The Essential Details of Backgammon Game Plans – Part 2
As we have dicussed in the last article, Backgammon is a game of skill and luck. The aim is to shift your pieces carefully around the board to your home board and at the same time your opposition moves their chips toward their inner board in the opposing direction. With competing player chips heading in opposite directions there is bound to be conflict and the need for particular tactics at specific instances. Here are the two final Backgammon strategies to round out your game.
The Priming Game Plan
If the purpose of the blocking tactic is to slow down the opponent to move their pieces, the Priming Game plan is to absolutely stop any activity of the opponent by assembling a prime – ideally 6 points in a row. The opponent’s checkers will either get hit, or result a bad position if she at all tries to escape the wall. The ambush of the prime can be built anywhere between point 2 and point eleven in your half of the board.

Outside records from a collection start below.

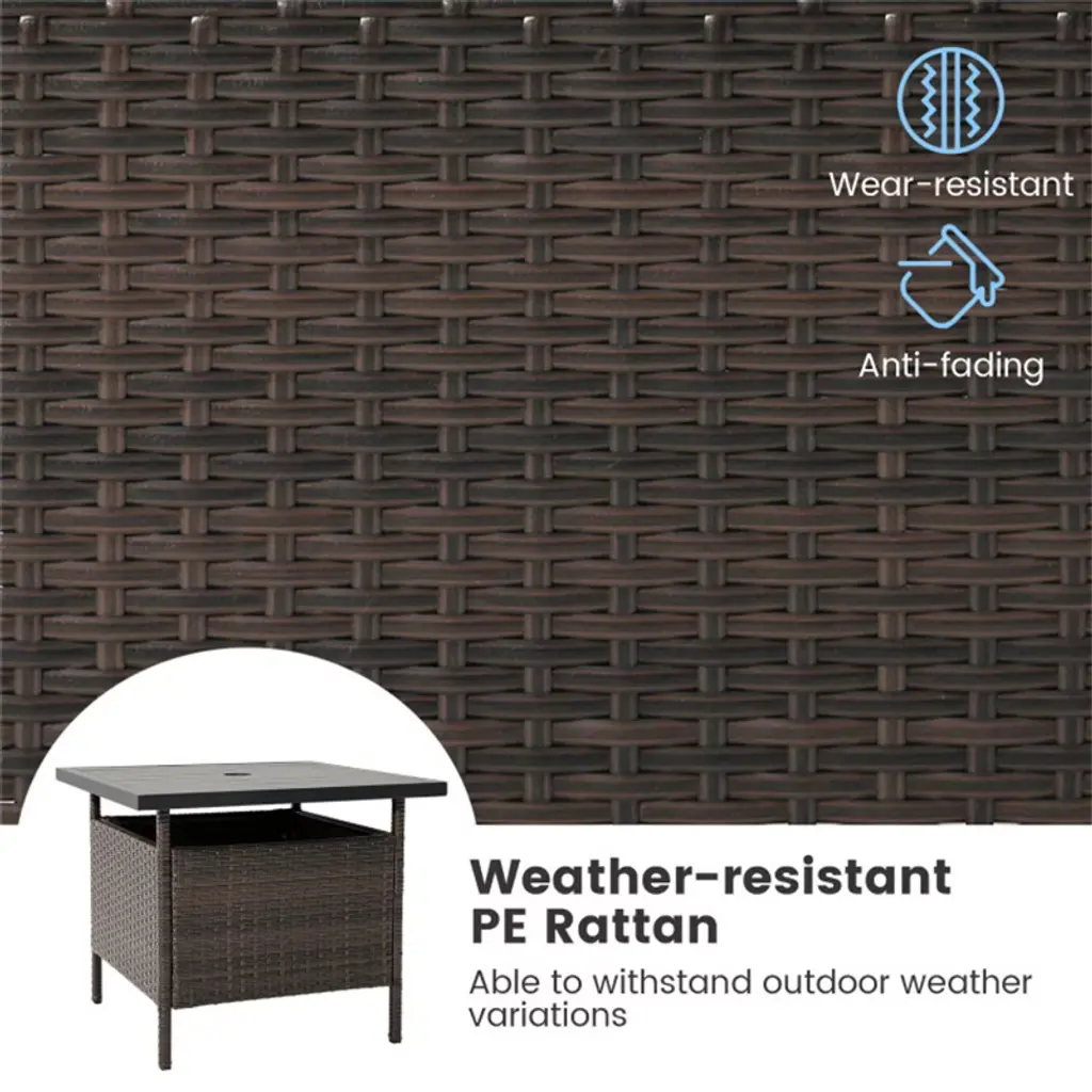Moepisy Patio Square Wicker Side Table With Umbrella Hole For Yard Garden Poolside
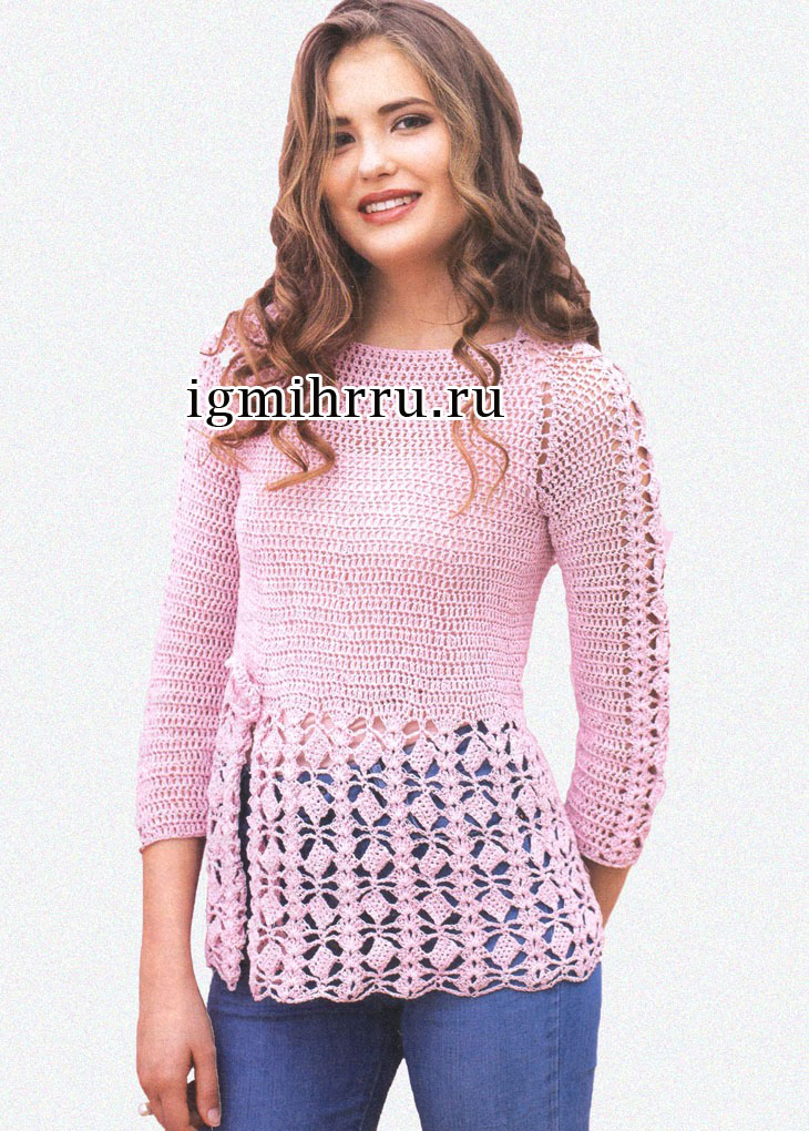 Романс в розовых тонах. Пуловер с выразительным узором из ромбов на баске и рукавах. Вязание крючком
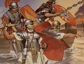 건너온 로마군은 흠뻑 젖은 상태였고 뱃속은 텅비어 있었던데 비해 새벽에 아침밥을 든든히 먹고
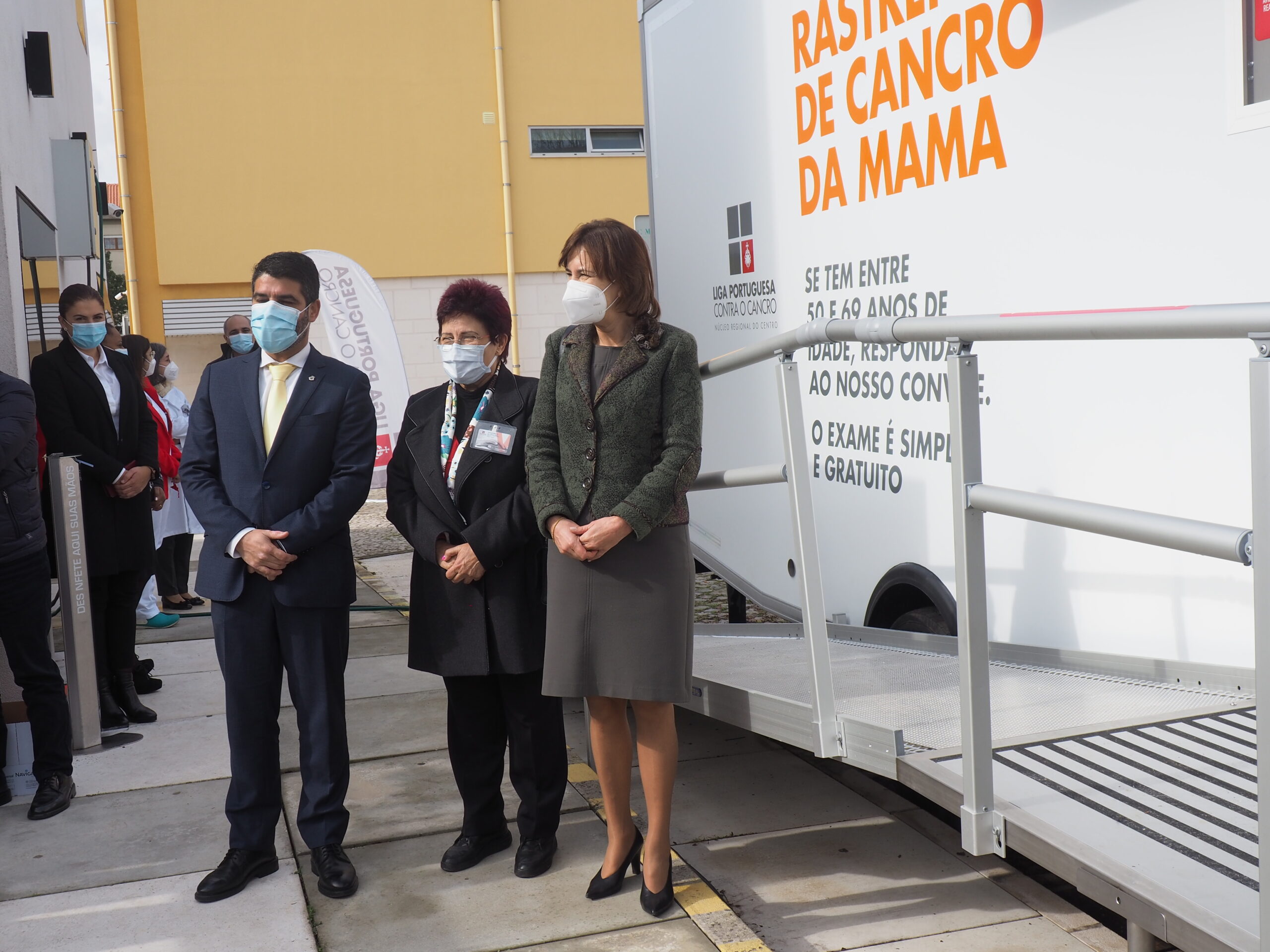 Na cerimónia de apresentação da unidade móvel de rastreio de cancro da mama, que decorreu na sexta-feira no Centro de Saúde de Pombal, estiveram presentes a Dra. Natália Amaral, Secretária-geral da Direção do Núcleo Regional do Centro da Liga Portuguesa Contra o Cancro; em representação da Ministra da Saúde, a Dra. Rosa Reis Marques, Presidente do Conselho Diretivo da Administração Regional de Saúde do Centro; e o Dr. Pedro Pimpão Santos, Presidente da Câmara Municipal de Pombal.
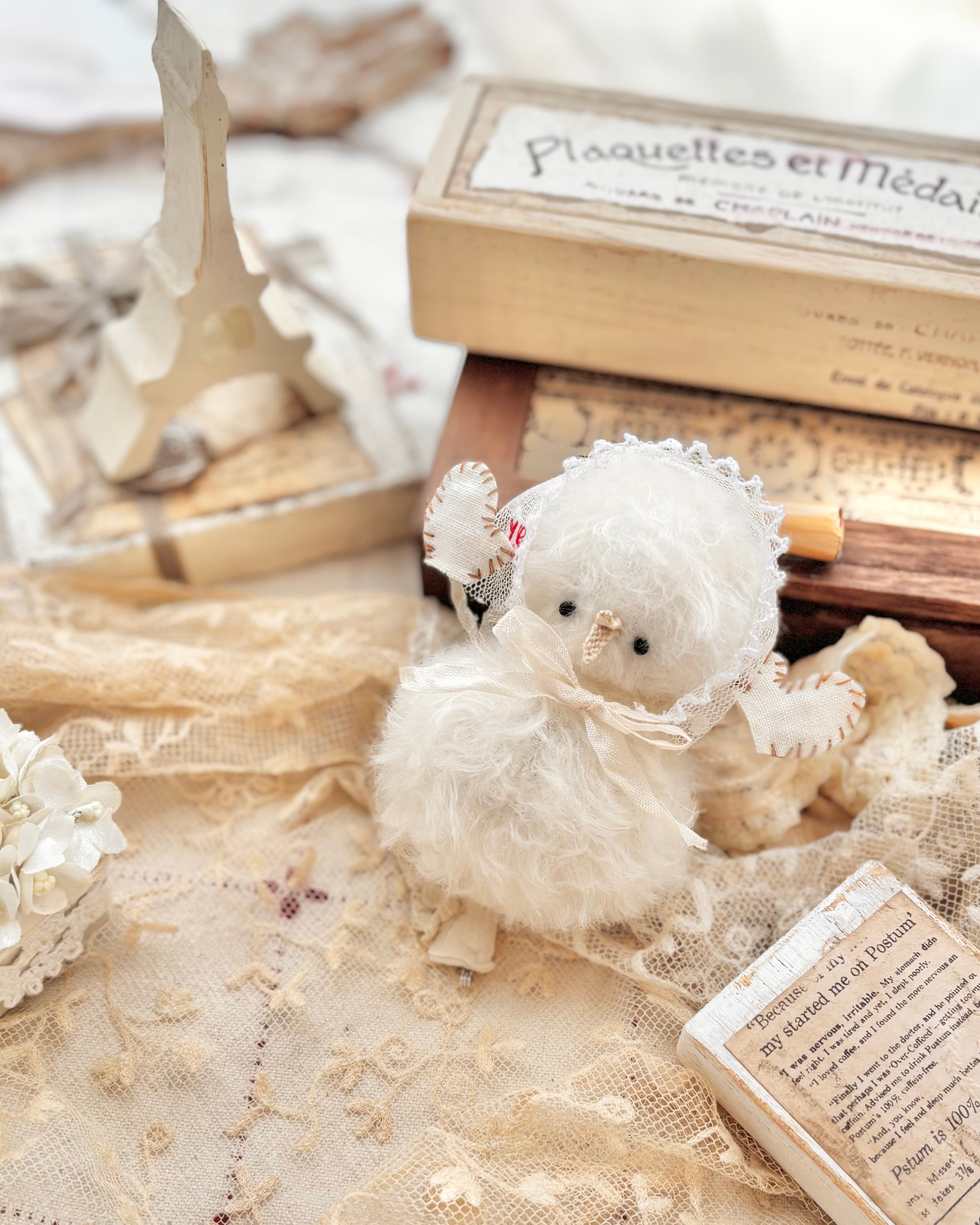 レースやリネンなど、経年による色変わりや汚れある部分もございます。

As soon as you’ve successfully built the prime to prevent the activity of your competitor, your competitor doesn’t even get a chance to roll the dice, that means you shift your pieces and roll the dice again. You will be a winner for sure.
The Back Game Tactic
The aims of the Back Game strategy and the Blocking Game technique are very similar – to harm your opponent’s positions with hope to better your odds of winning, but the Back Game strategy relies on seperate tactics to do that. The Back Game plan is generally employed when you are far behind your competitor. To play Backgammon with this plan, you need to hold two or more points in table, and to hit a blot (a single checker) late in the game. This plan is more complex than others to use in Backgammon because it requires careful movement of your checkers and how the checkers are moved is partially the result of the dice roll.